Activités pédagogiques

Ancien bâtiment de la Faculté de droit de Grenoble (photo issue du site univ-droit.fr), à Saint-Martin-d’Hères ; avec au premier plan l’« arbre de la connaissance » – lui aussi détruit –, selon un bon mot d’un camarade de Master, pour aider à s’y retrouver (pour une vue aérienne du nouveau bâtiment, v. les belles images de ce bref film de présentation, le 7 novembre 2019)

Après avoir été tuteur en fin de Master à la faculté de droit de Grenoble, j’ai obtenu en 2008 un contrat d’allocataire-moniteur, puis d’attaché temporaire d’enseignement et de recherche (ATER).

En tant que doctorant, je me suis investi dans l’enseignement de plusieurs des principales branches du droit public interne, notamment le droit constitutionnel et les droits administratifs général et spéciaux (droit administratif des biens, contentieux administratif). Enseigner les droits et libertés (DLF, la dernière lettre renvoyant à leur fondamentalité) m’a conduit vers les droits privé, européens et onusiens (occasionnellement à ceux d’États étrangers).

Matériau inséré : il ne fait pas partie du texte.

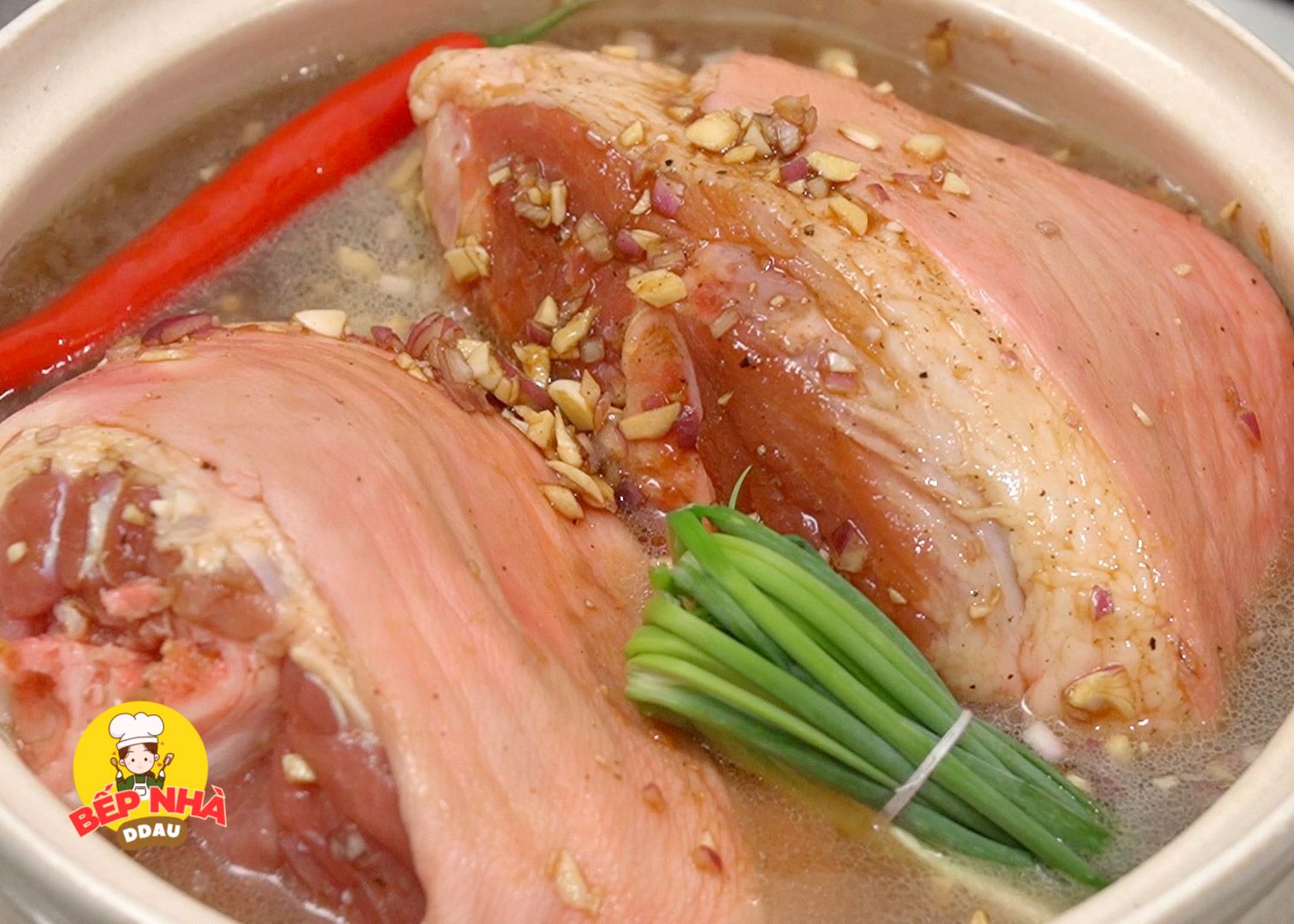 Nhẹ nhàng xếp giò heo đã ướp cùng hỗn hợp nước ướp vào nồi nước dừa tươi vừa chuẩn bị, thêm vào 1 trái ớt sừng và 3 cây hành lá cho giò heo khi hoàn tất được thơm hơn.
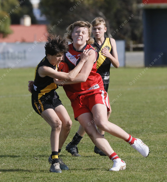 Boston’s Judd Hammond-Polkinghorne and Tasman Imperial’s Leo Schmidt attempt to win the ball for the teams. (496087_03)
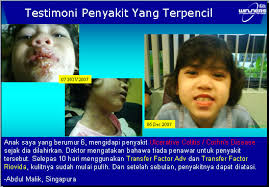 55. Anak saya sudah menghidapi sinus sejak dia berumur setahun, dansekarang dia sudah berumur 17 tahun. Setiap pagi bila dia menghembushingus, nescaya sinki bilik mandi akan tersumbat kerana terlalu banyakhingus yang pekat dan hijau. Dia telah menjalani 2 operasi tetapi penyakitsinus dia tidak juga sembuh. Alhamdulillah, setelah mengambil TransferFactor selama 2 minggu, penyakit dia telah sembuh sepenuhnya! Jutaanterimakasih kepada Chegu Jalil dan Winners. Drpd Pn Zuraidah, SkudaiJohor,

Bâtiment de la Faculté de droit de Valence (photo issue du site de l’UGA), antenne grenobloise depuis 1996 (v. « Naissance d’un Pôle Universitaire », valence.fr), renommé à l’approche de ses vingt ans, en avril-mai 2016 (v. le 16 mars : « de Latour-Maubourg à Marguerite Soubeyran », peuple-libre.fr)

Pour ces travaux-dirigés, je suis intervenu dans toutes les années concernées, de la première année de Licence à celle de Master, sur deux sites différents (Grenoble, Valence) et dans le cursus droit-langues. J’ai également eu l’opportunité de m’exprimer très vite en Master 2 (« Histoire, théorie et pratique des Droits de l’Homme ») : pour un compte-rendu du colloque Défendre la cause des étrangers en justice, organisé le 15 novembre 2008 par le Groupe d’information et de soutien des immigré·e·s (Gisti ; 27 janv. suivant) ; dans le cadre du séminaire « Droit onusien et développement » (2 au 4 déc. 2009), pour une communication à l’occasion des vingt ans de la Convention internationale des droits de l’enfant (CIDE).

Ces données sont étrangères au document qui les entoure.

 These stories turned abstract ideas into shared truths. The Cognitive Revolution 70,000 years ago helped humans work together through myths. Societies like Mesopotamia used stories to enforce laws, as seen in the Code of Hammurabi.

Photo empruntée à DDM et Florent Duprat, « Les relations femme-homme au menu des détenus de la prison de Montauban », ladepeche.fr 9 oct. 2018 (projet lancé dans cet établissement par Jalila Bouanini, coordinatrice culturelle du SPIP)

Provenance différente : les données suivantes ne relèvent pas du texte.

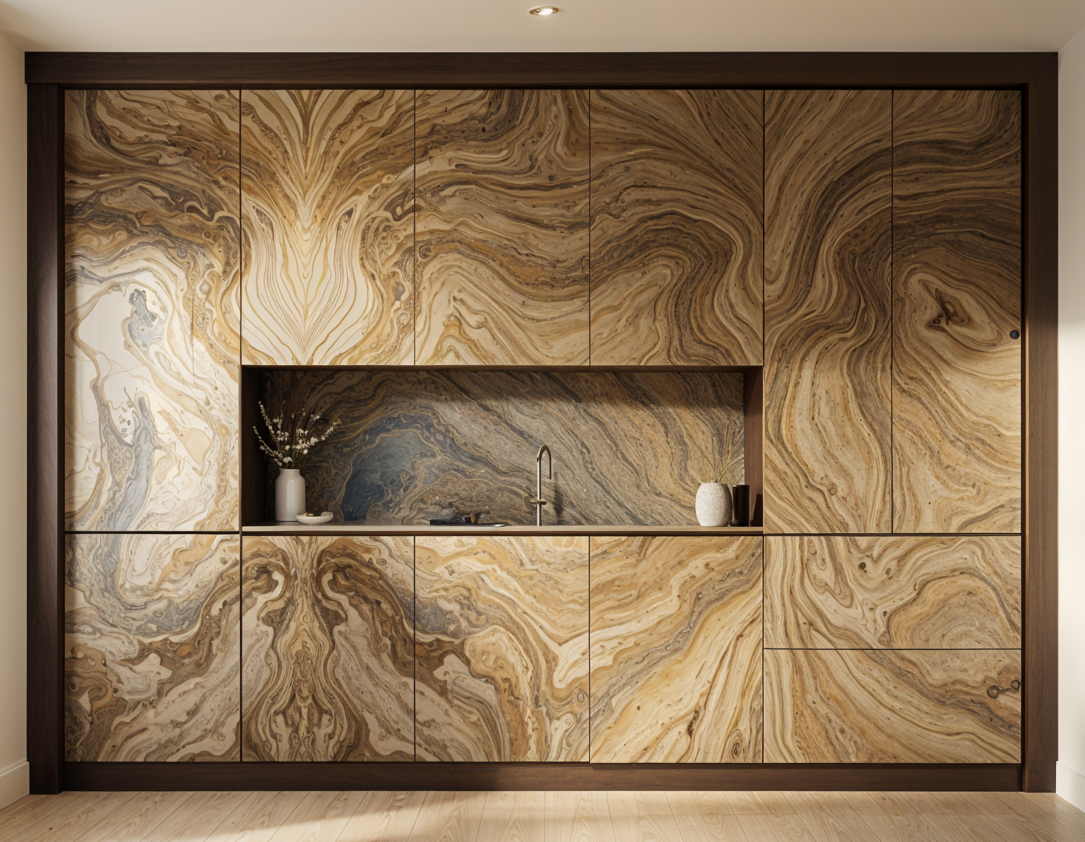 generate this burl kitchen with this stone as a back in the neache as it is in the pictuer dont change the weneer or the stone but ceap the zink int the middle as you did dont change the wood weaneer i said dont change the weneer and no faces

Depuis la soutenance de ma thèse, en décembre 2017, je me suis consacré à l’enseignement à distance du droit administratif (L2 EAD), à des travaux-dirigés en DLF (L3) et à des interventions en Master 2, à propos de la garantie des droits et des laïcités. À leur renouvellement s’est ajoutée depuis mars 2019 la co-animation d’activités en détention, sur les questions de genre.

En tant qu’enseignant-chercheur contractuel (2019-2020), j’ai assuré des travaux-dirigés de droit administratif (L2, à Valence) et de contentieux constitutionnel (M1, à Grenoble). Au second semestre, j’avais aussi un cours au département des sciences de l’éducation (UFR SHS, en L3) ; en l’enrichissant de nouvelles études, croisant laïcités et sexualités, j’espère pouvoir le conserver en 2021 – et, peut-être, en bâtir un autre (sur la prise en considération des situations de handicap, là aussi dans le prolongement de mes travaux de recherche).